Not to mention that they charge you for the 'promotion'. _(The extra workload) :grin:_

Kind Regards,


----------



## Done_Fishin

HI & Welcome ..
hope to see you around ..


----------



## grumpygit

Congratulation Rich.
:4-clap::4-clap:


----------



## speedster123

welcome aboard Rich


----------



## Tumbleweed36

Welcome to the team Rich.


----------



## carsey

Welcome to a great MS team


----------



## Glaswegian

Congrats Rich!

Have you ever been in a play before? :grin:


----------



## dai

congratulations


----------



## Doby

Congrats and welcome!


----------



## justpassingby

Welcome RichardIII ! :4-clap: Gefeliciteerd :wink:


----------



## Indoril Nerevar

Congratulations! Keep up your good work and enjoy your new role.


----------



## OldGrayGary

Ah - a Shakespearian presence in our Tech world! Noble and mighty posts must follow as a matter of royal course, yes? (I'll look forward to Stop error repairs in iambic pentameter).

[Ok, by now you've figured I was a lit major in college]. 

Welcome aboard!
. . . Gary


----------



## Guest

Thank you, thank you all for the overwhelming and very warm welcome.

Most of you I have already met in the introduction thread that I started in the Relaxing Area.

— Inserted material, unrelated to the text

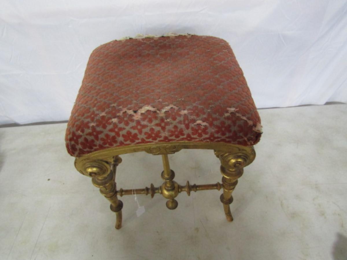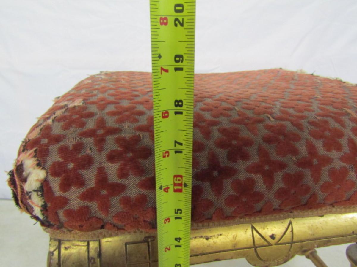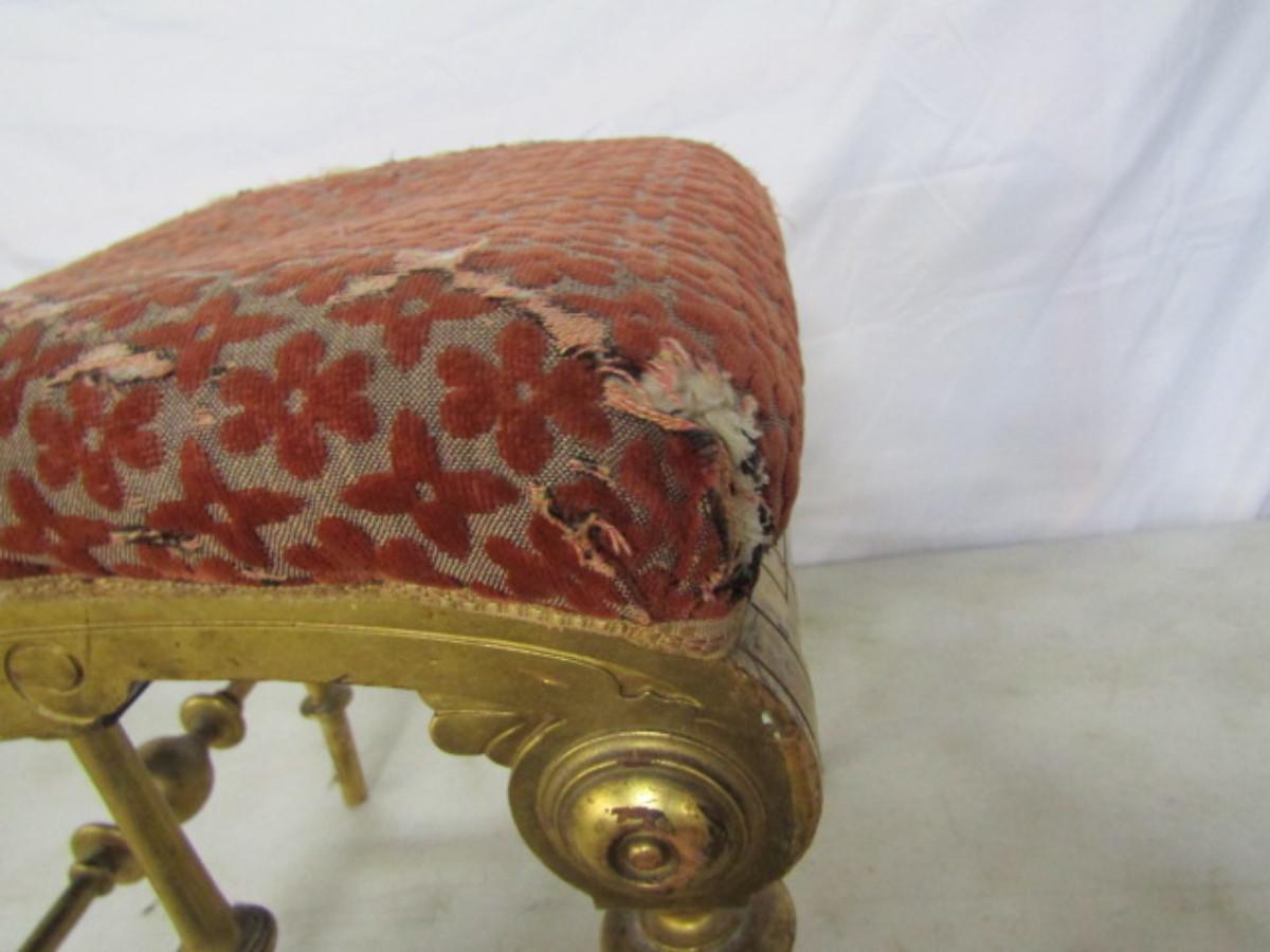 Antique Ornate Upholstered Ottoman/Small Seat. Please see all pictures- upholstery is damaged, needs repair.

When I joined TFS, last July, I did so because - and I guess we all have been in that situation - even support pro's need some form of help with a problem at times; later I found friendly help for a Ubuntu problem I encountered. (Thanks again Matt!), all in a friendly atmosphere, and I already felt "at home". Slowly but surely I got involved, and started to post with advise and solutions. Which must have caught Geekgirl's eye, who asked me if I would be interested in becoming a team member. And so it happened :smile:

Like I wrote many times before, this is a friendly forum and I like it very, very much and I hope I can make the expectations you have of me come true!

Thanks again!

@Justpassingby: Ben jij een nederlander? (Are you Dutch?)


----------



## justpassingby

Ik begrijp Nederlands beter dan ik spreek, maar ik ben Franstalig. Ik zal moeten beofenen als ik een baan in Brussels wil :smile:

Veel plezier bij de microsoft ploeg !


----------



## Guest

justpassingby said:


> Ik begrijp Nederlands beter dan ik spreek, maar ik ben Franstalig. Ik zal moeten beofenen als ik een baan in Brussels wil :smile:
> 
> Veel plezier bij de microsoft ploeg !


I think we are in the same situation: You with Dutch, I with French with I started to learn recently; I listen (internet) to a station in Canadian French whenever I an, that sure helps (and who knows... perhaps I'm going to live there :smile


----------



## Guest

Q: Don't we have "Edit" permission on our own posts here?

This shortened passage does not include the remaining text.